How giving brings
Posted by hinaraurea on April 21, 2008
There are times when you feel like you give too much, whether it is to your family, friends or random acquaintances that happened to meet your way. In most cases when you start giving advices, money, material goods or even time, people tend to ask for more and some will, as much as they can. When you stop for whatever reason (the person is not following your advices; you want to focus more on yourself or you’ve noticed no matter how much you can give the only way someone could get out of trouble is their own determination) two things usually happen:
#1 They realize something has changed and they start loosing interest in you. If they feel they can’t drain anything from you anymore, they usually disappear, and will look for someone else to support them in their endless misery. Often, people just don’t see how much they trap themselves into their gloom and think they constantly need someone to be there to watch them dig deeper. Ephemeral bliss, short moments when they forget about being miserable are the only positive impacts your giving would bring.

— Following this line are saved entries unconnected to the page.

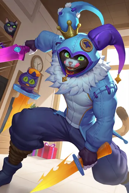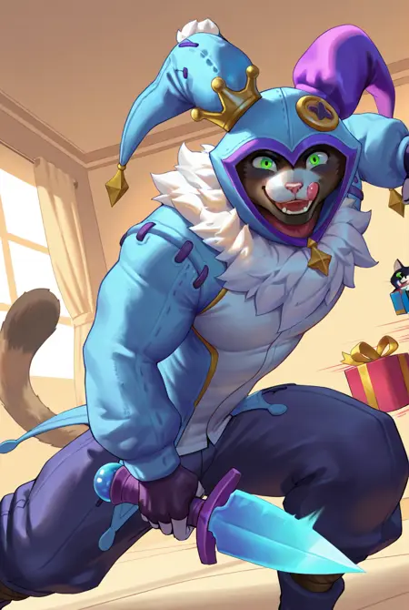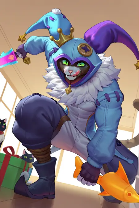 cat shac0, cat boy, furry male, gloves, green eyes, jester cap, hat, long sleeves, pants, cat tail
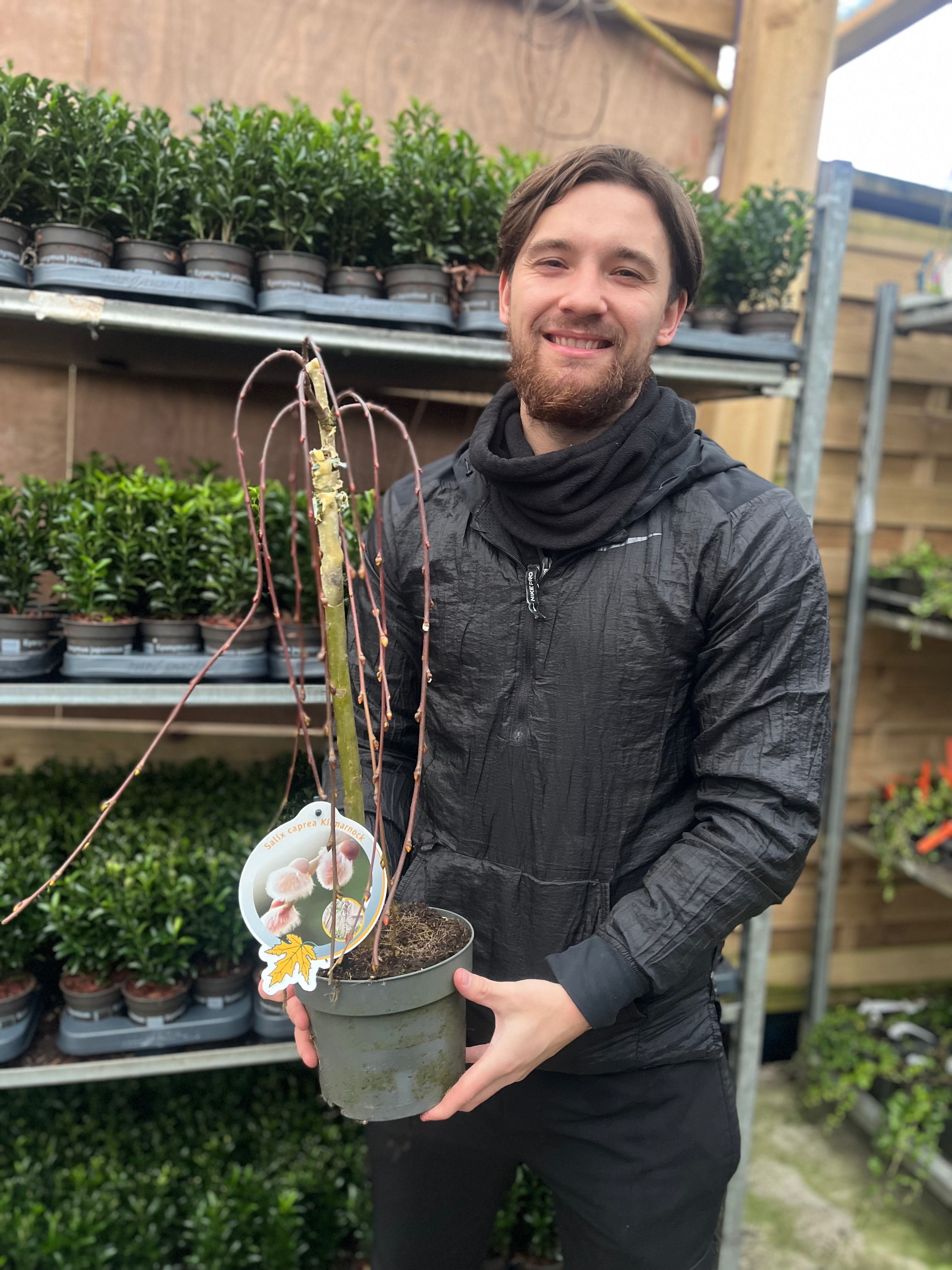 A fabulous dwarf tree which forms a dome shape. Firstly a waterfall of beautiful catkins will appear in the spring - furry buds which open into bright, yellow catkins. This is then followed by a waterfall of green foliage.
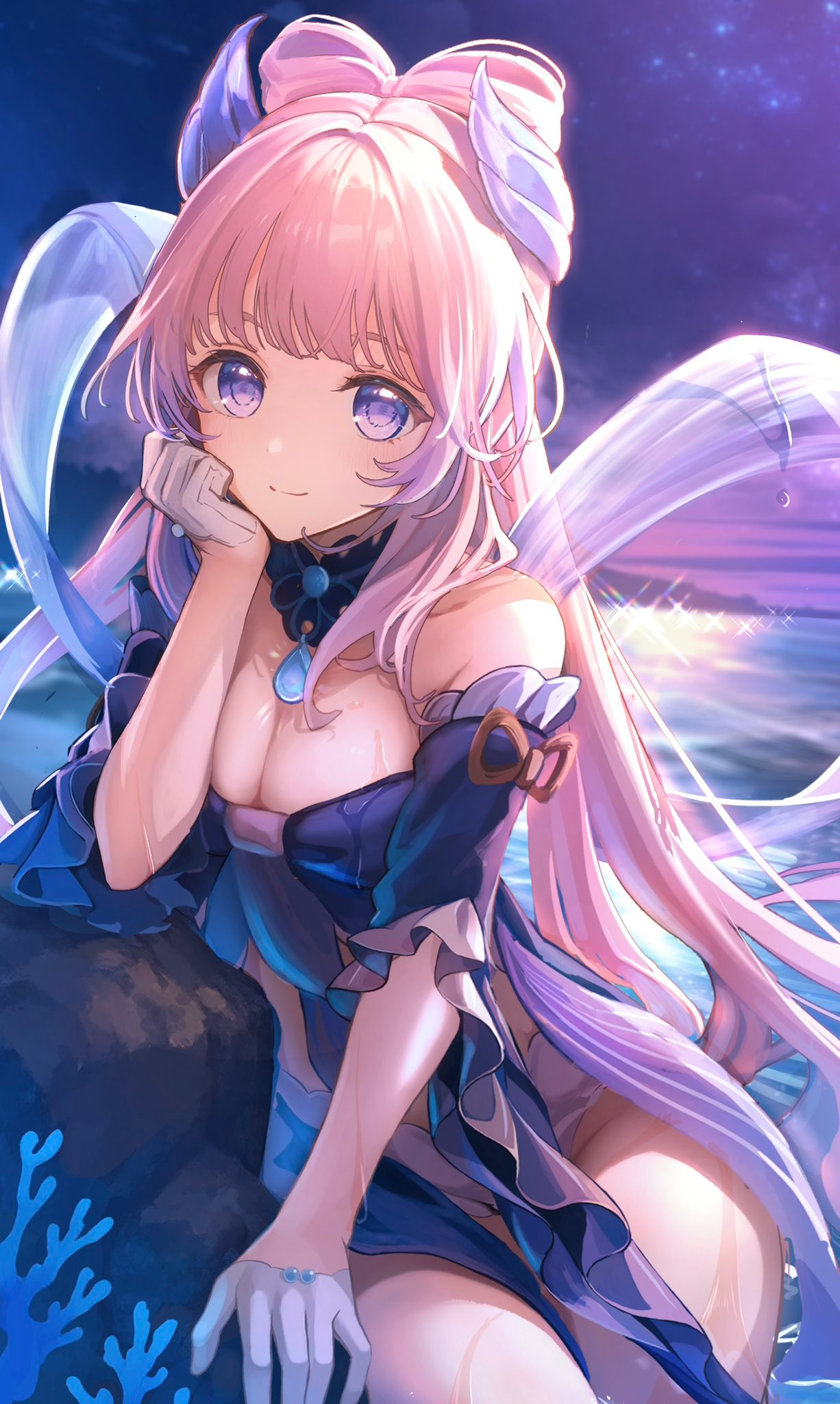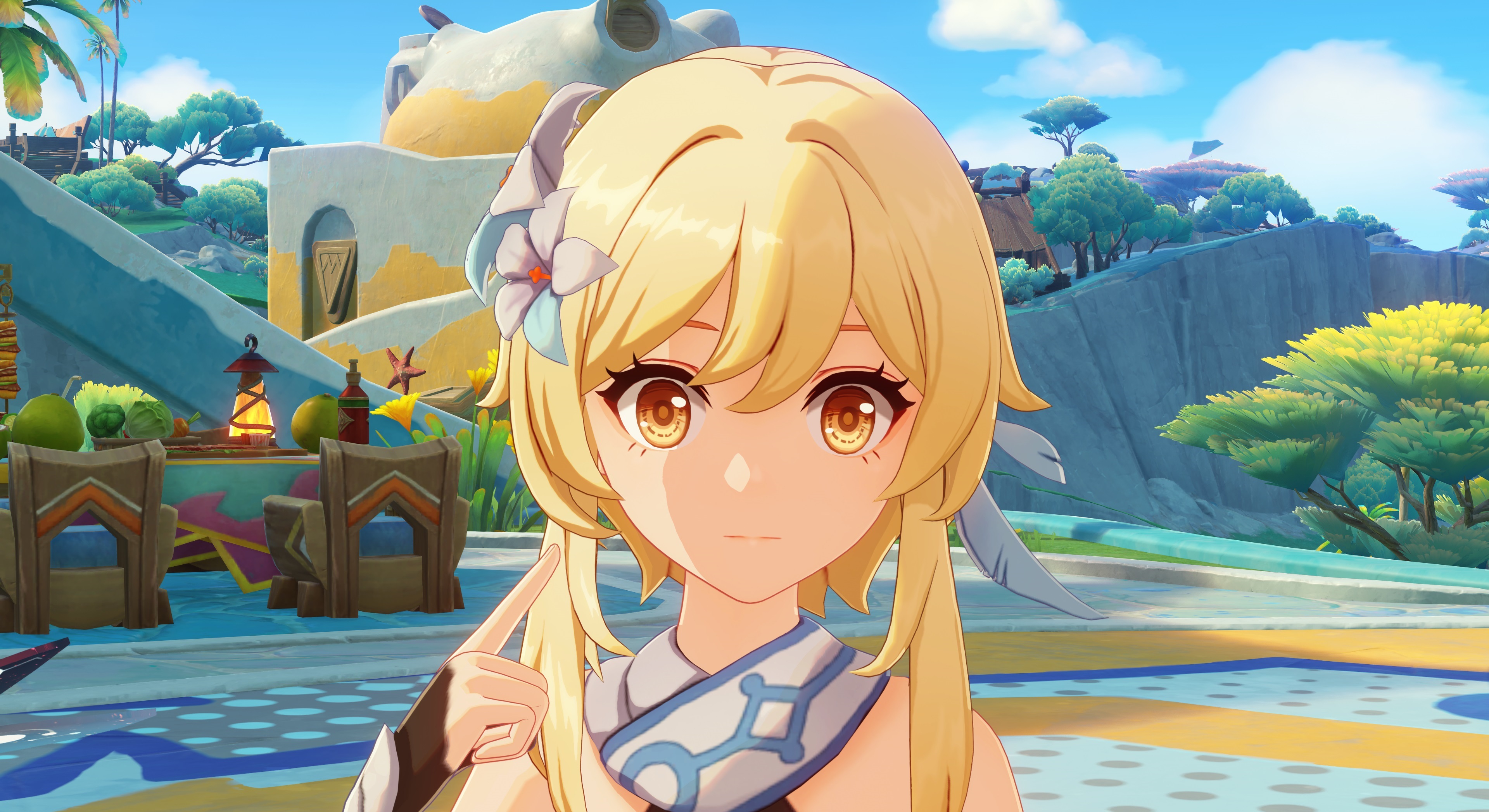 Игра с освещением в этой локации реально великолепна, я что-то даже удивился, вроде на Unity сидим, а графон прямо завораживает. Не знаю, кто спецэффектами в MiHoyo занимается, но вот тут прямо идеальная гамма оранжевого на закатах, сразу торкает в душу и даёт ассоциации о каком-то летнем лагере, 21:00, свободный час до отбоя, можно посоциализироваться немного, всякая запоминающаяся ерунда или драки обычно после 21 и были, поварихи мне остатки крендельков отдавали, такой "час событий". Или когда шашлыки на природе у побережья подходят к остатку, все уже весёлые и поют. Прямо идеальные виды, да и ночью эта локация невообразимо красивая, атмосфера ночных прогулок в три утра. Если бы какая-то кастомка на основе этого пляжа была, можно было бы сделать симулятор (ко-оп) попойки в три ночи после тусовки, аля "Мальчишник в Вегасе" или квеста в Скайриме, где нужно было накидаться с магом-даэдрой.
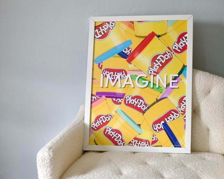 These pieces make the perfect addition to a kid’s room or even for a toddler who may be enjoying the classic toy for the first time. With bold contrasting shades, these designs embrace Play-Doh’s magical quality. Choose from framed prints, canvases, posters, and a cutting board ideal for adding a pop of color to any kitchen.
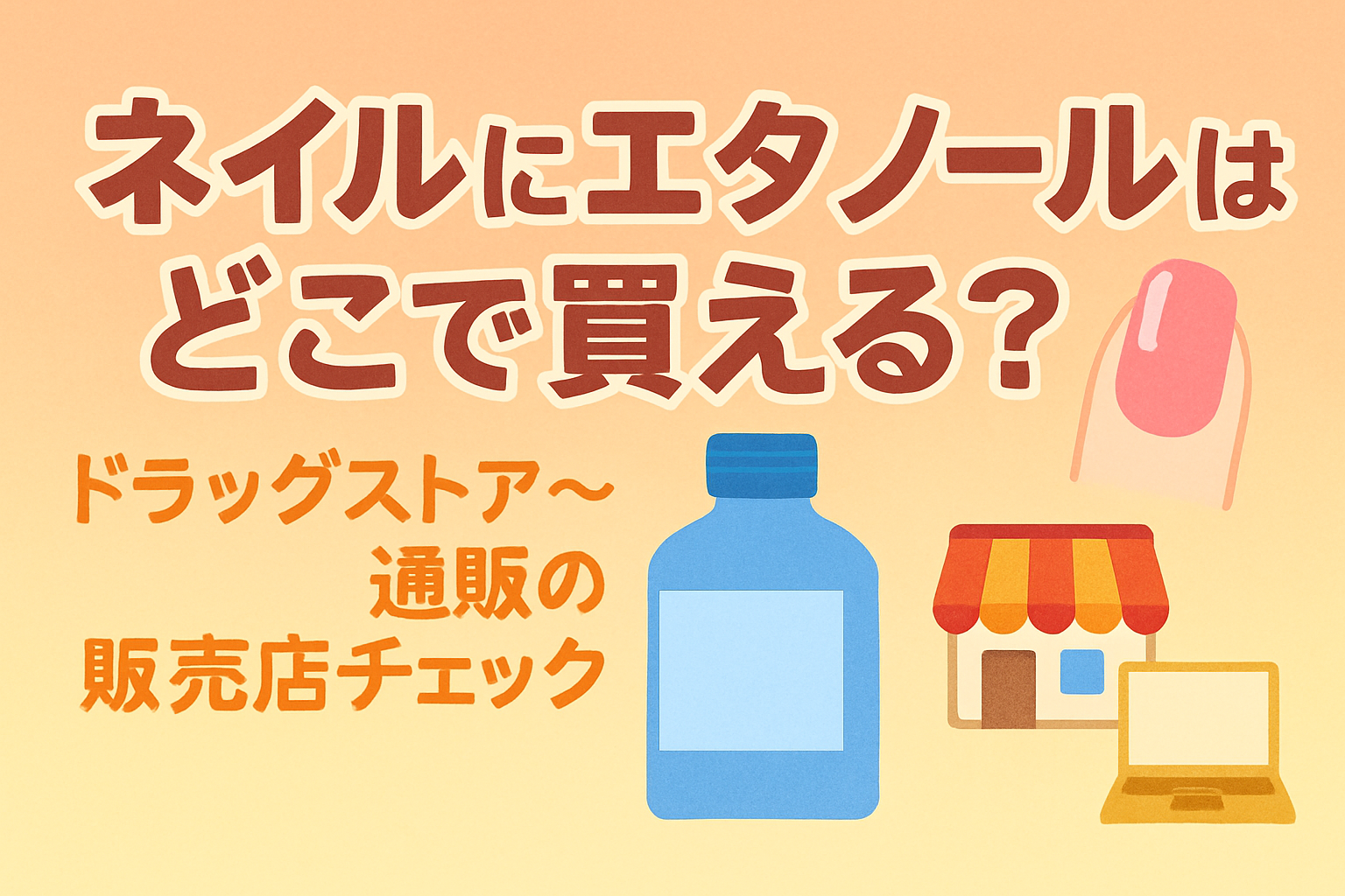 エタノール(消毒用エタノールIP/無水エタノール)は、ドラッグストア(店頭・公式通販)、ホームセンター、ハンズなどのバラエティ店、大手EC(Amazon/楽天/ヨドバシ)、そしてネイル専門店(ネイル用クレンザー等)で見つかります。
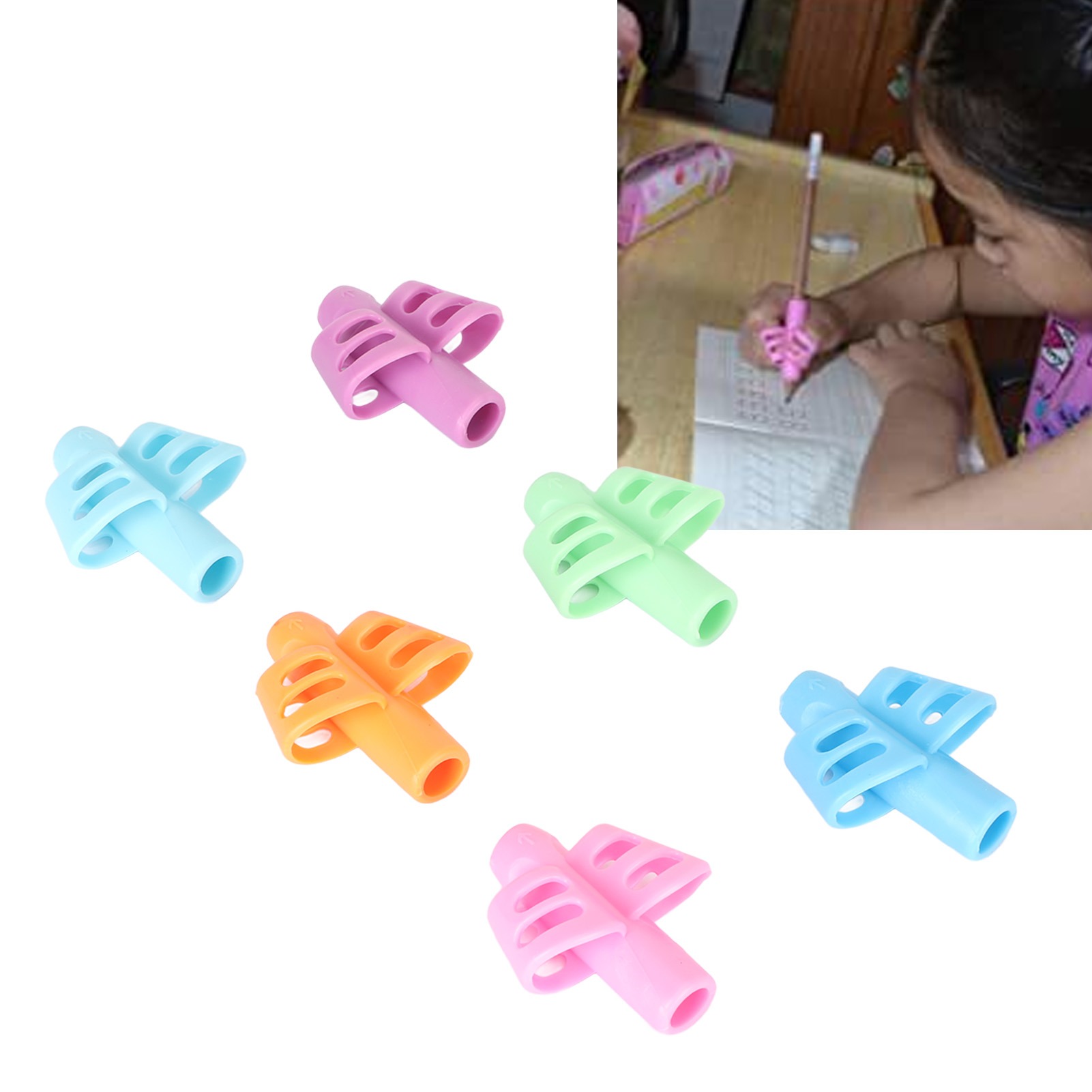 Paquete de 6 soportes ergonómicos de silicona suave antideslizante para lápices de escritura a mano, para escuela en casa, soporte de bolígrafos, niños,
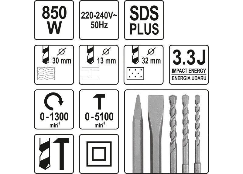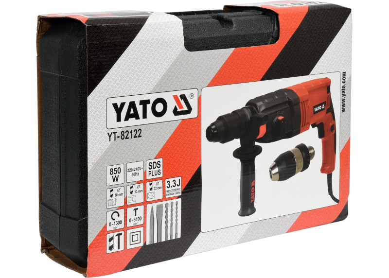 Universalus Yato perforatorius su SDS+ sistema ir papildoma 13 mm galvute. Tinka gręžimui, kalimui ir smūginiam gręžimui.
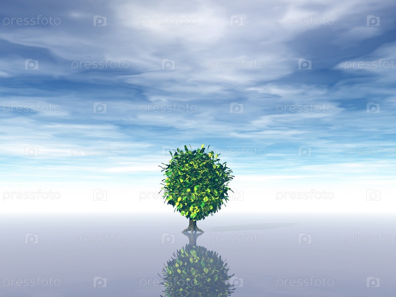 Одинокое дерево под облачным небом. 3d Иллюстрация
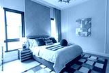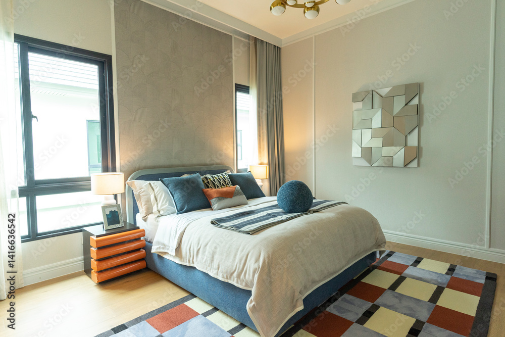 Modern cobalt blue bedroom with double bed with carpet and window.
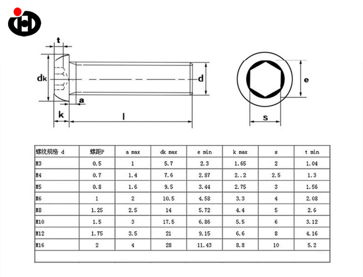 | Nome | Vite a testa rotonda esagonale in lega di alluminio |
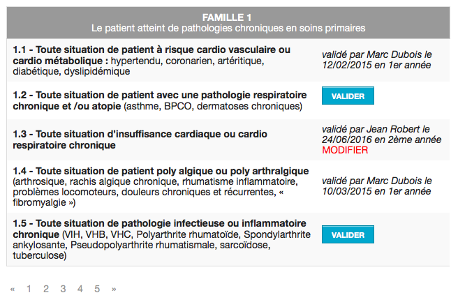 On peut afficher une liste des compétences avec pagination. La page n'est pas trop chargée, mais l'utilisateur doit traverser plusieurs pages à la recherche de la compétence à valider.
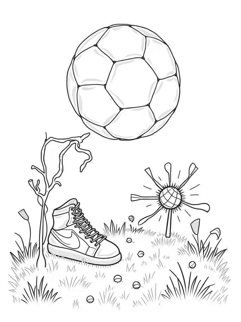 Check out this fun sports-themed coloring page featuring a giant soccer ball and a whimsical goalpost! It's a free, printable coloring page that's perfect for kids who love sports. Dive in and color your way through this playful scene!
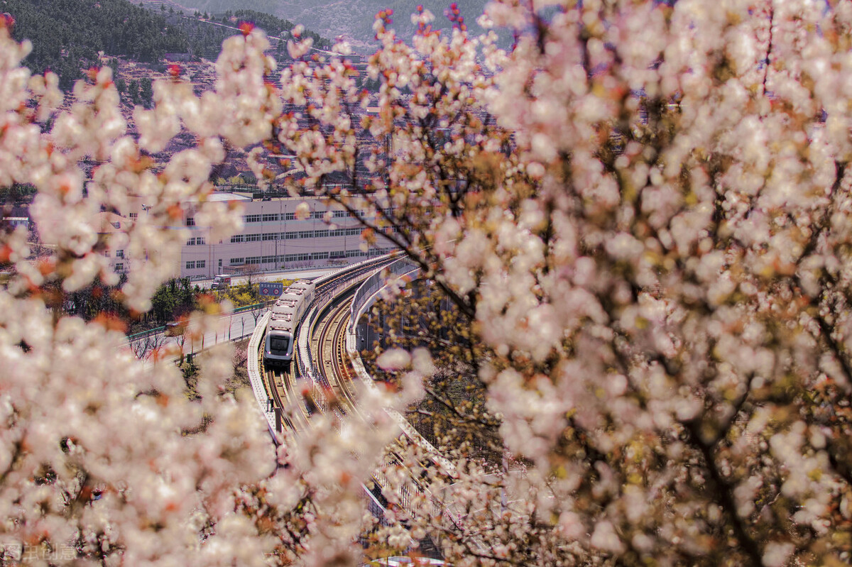 远山横翠,浅红微绽

#2 Some other people when they notice you’re giving less than you usually do will take time to understand why you’ve stopped and will start giving in return. This is usually how long term relationships start. Once both individuals know they don’t need to watch how much they are giving because they know it will return in anyway, sooner or later, giving then becomes natural.
One of the two points seems negative compared with the other. Who would like to waste time or more giving for nothing? Well, when you really think about it, it is NOT nothing. Even if you don’t see the return of your support, you will always feel better giving for nothing than not giving at all.
Image by Uckhet
#1 It brings a terrible feeling not to have paid enough attention to the people around you when you know later that you could have taken some time to show you care. What most people don’t realize is that we don’t often have second chances. Even when we do, they might not be as thrilling as the first try.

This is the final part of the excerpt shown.